Let the set of all values of r for which circles (x+1)² + (y+4)² = r² and x² + y² – 4x – 2y – 4 = 0 intersect at two distinct points be interval (α,β). Then αβ is equal to

When two circles with centers C₁ and C₂ and radii r₁ and r₂ are given, nature of intersection depends on distance d between centers. If d > r₁ + r₂, circles are completely separate with no intersection points. If d = r₁ + r₂, they touch externally at exactly one point (external tangency). If |r₁ – r₂| < d < r₁ + r₂, they intersect at exactly two distinct points - this is most common case tested in JEE. If d = |r₁ - r₂|, they touch internally at one point (internal tangency). If d < |r₁ - r₂|, one circle lies completely inside other without touching. These geometric conditions translate to algebraic inequalities. Understanding this helps visualize problem before computation. Two-point intersection requires distance be "just right" - not too small (nested circles) and not too large (separated circles). In JEE problems, you're often given interval for one radius and asked to find properties of endpoints. Remember: |r₁ - r₂| ensures we take positive difference regardless of which radius is larger. This is crucial when r varies as in our problem.

A circle has two main equation forms. Standard form: $(x-h)^2 + (y-k)^2 = r^2$ where (h,k) is center and r is radius. Immediately shows geometric properties. Expanding gives general form: $x^2 + y^2 + 2gx + 2fy + c = 0$. To convert general to standard, complete the square. From general form, center is (-g, -f) and radius is $\sqrt{g^2 + f^2 – c}$. For real circle to exist, we need $g^2 + f^2 – c > 0$. If this equals zero, equation represents a point circle (radius = 0). If negative, no real circle exists. Important: in general form, coefficients of x² and y² must be equal (both 1 after dividing) and there should be no xy term, otherwise it’s not a circle but some other conic. When working with two circles, converting both to same form simplifies distance calculations. Standard form is better for finding centers quickly. General form is better for algebraic manipulations like finding common chord equation or radical axis. Practice converting between forms quickly for JEE speed.

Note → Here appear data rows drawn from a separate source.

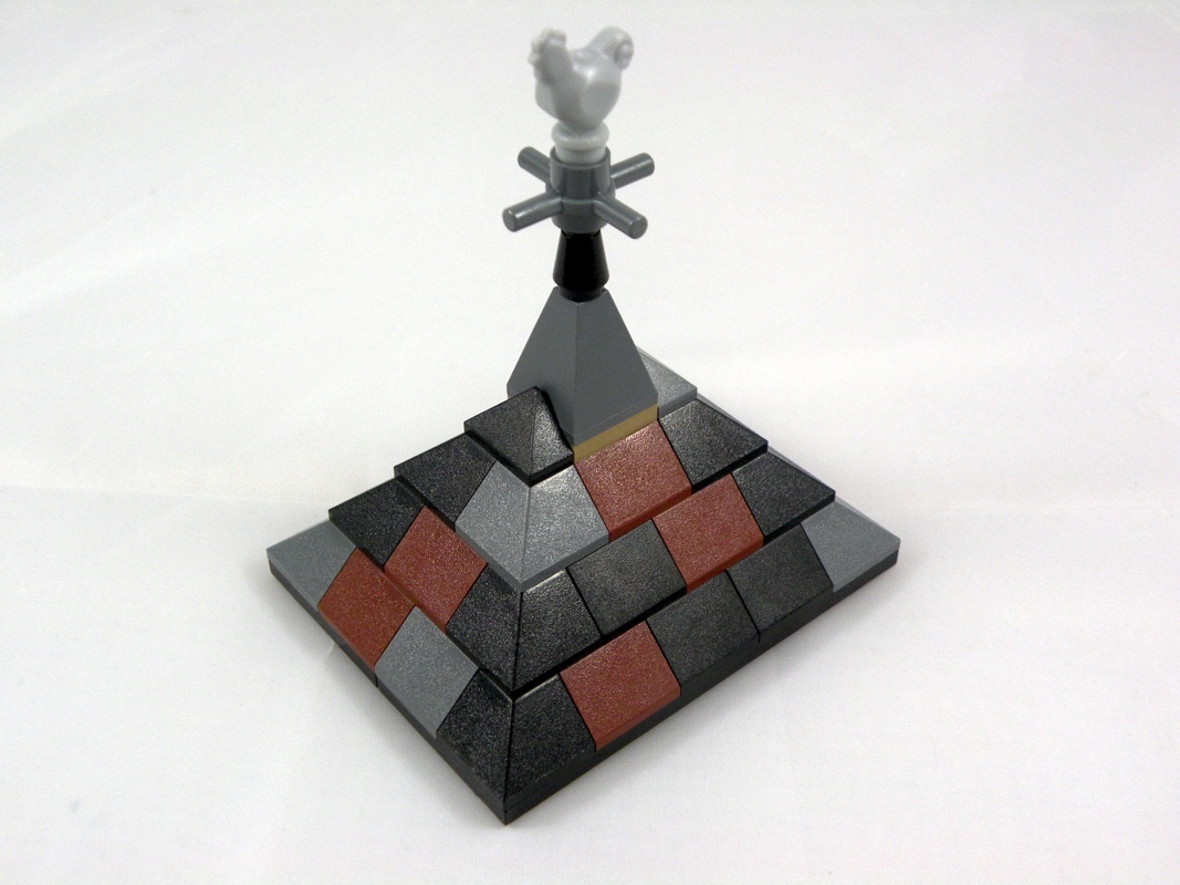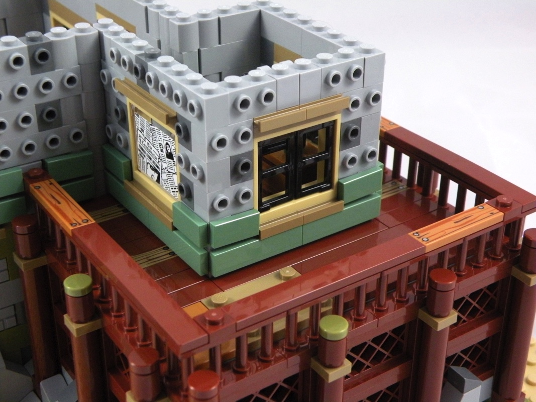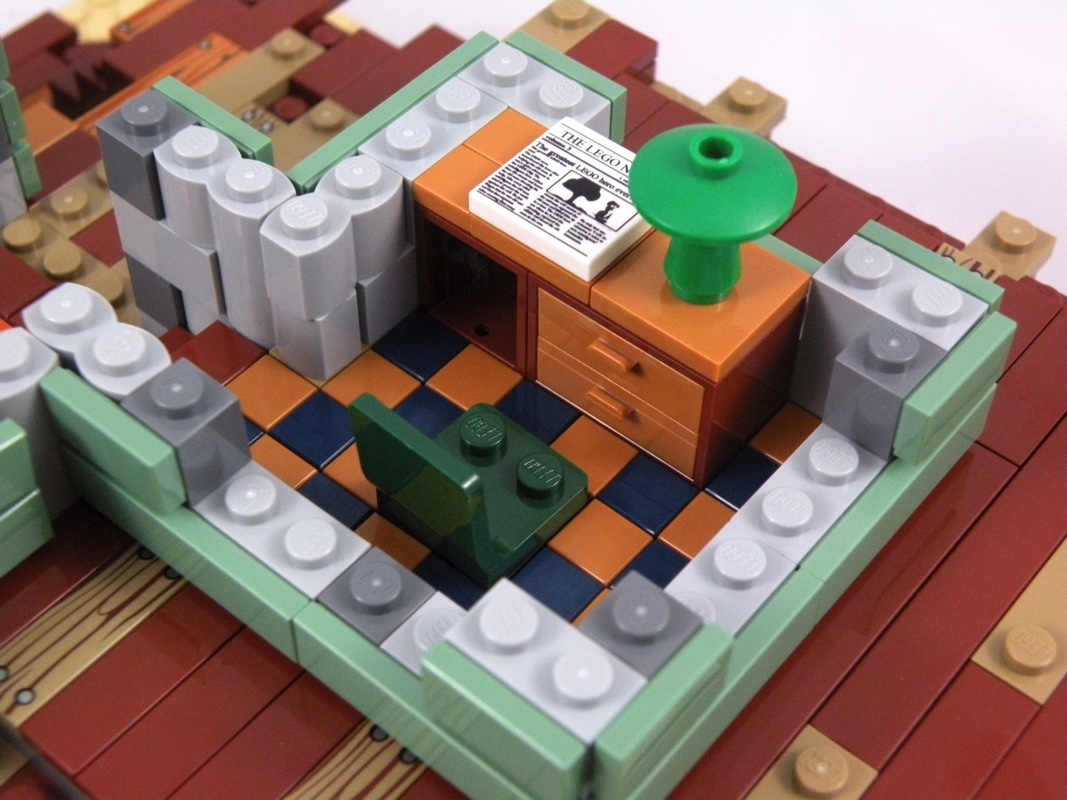 Puis on s’attaque à la partie basse de la tour, à commencer par son pavage à base de tiles 1×1 en dark blue et medium dark flesh. On y ajoute un bureau, avec sa lampe, sa chaise positionnée sur une petite turntable, et son journal tampographié.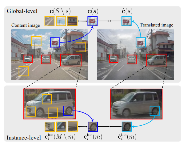 즉 영상 전체로만 봤을 때는 Y 도메인의 분위기(명도 분포, texture, color) 등이 잘 담겨있을지라도, 실제 영상 속 instance 레벨에서 보았을 때는 translation이 잘 되지 않았거나 또는 structure 들이 다 뭉게지는 등의 현상이 자주 발생하곤 했습니다.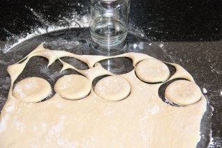 Fariner le plan de travail. Etaler la pâte sur une épaisseur de 1 cm et découper des ronds à l’aide d’un verre.

Distance between two points (x₁,y₁) and (x₂,y₂) in plane is $d = \sqrt{(x_2-x_1)^2 + (y_2-y_1)^2}$. Derived from Pythagorean theorem. In 3D, extends to $d = \sqrt{(x_2-x_1)^2 + (y_2-y_1)^2 + (z_2-z_1)^2}$. Applications include: finding length of line segments, verifying if three points are collinear (sum of two distances equals third), checking if point lies on circle (distance from center equals radius), finding locus of points equidistant from two given points (perpendicular bisector). In circle problems, distance between centers determines intersection nature. Common optimization: use squared distance $d^2$ to avoid square roots in intermediate steps, taking square root only at end. For JEE, memorize common Pythagorean triples: (3,4,5), (5,12,13), (8,15,17), (7,24,25) for quick mental calculation. Section formula for point dividing line segment in ratio m:n is directly related to weighted distance. Distance formula is fundamental in coordinate geometry – master it thoroughly.

Difference of squares: $(a-b)(a+b) = a^2 – b^2$ is most useful identity for JEE. Allows instant multiplication without expanding all terms. In our problem, $(\sqrt{34}-3)(\sqrt{34}+3) = 34 – 9 = 25$ saves significant time. Other key identities: $(a+b)^2 = a^2 + 2ab + b^2$, $(a-b)^2 = a^2 – 2ab + b^2$, $(a+b)^3 = a^3 + 3a^2b + 3ab^2 + b^3$, $(a-b)^3 = a^3 – 3a^2b + 3ab^2 – b^3$. For sums and differences of cubes: $a^3 + b^3 = (a+b)(a^2-ab+b^2)$, $a^3 – b^3 = (a-b)(a^2+ab+b^2)$. Component identity: $(a+b+c)^2 = a^2 + b^2 + c^2 + 2ab + 2bc + 2ca$. Also useful: $a^2 + b^2 = (a+b)^2 – 2ab$. Recognize patterns like $x^2 – 7 = (x-\sqrt{7})(x+\sqrt{7})$ for any number. These speed up factorization, simplification, and solving equations. Practice identifying which identity applies quickly – this comes with extensive problem practice. In competitive exams, recognizing the right identity can save 30-60 seconds per problem, which accumulates significantly over full paper.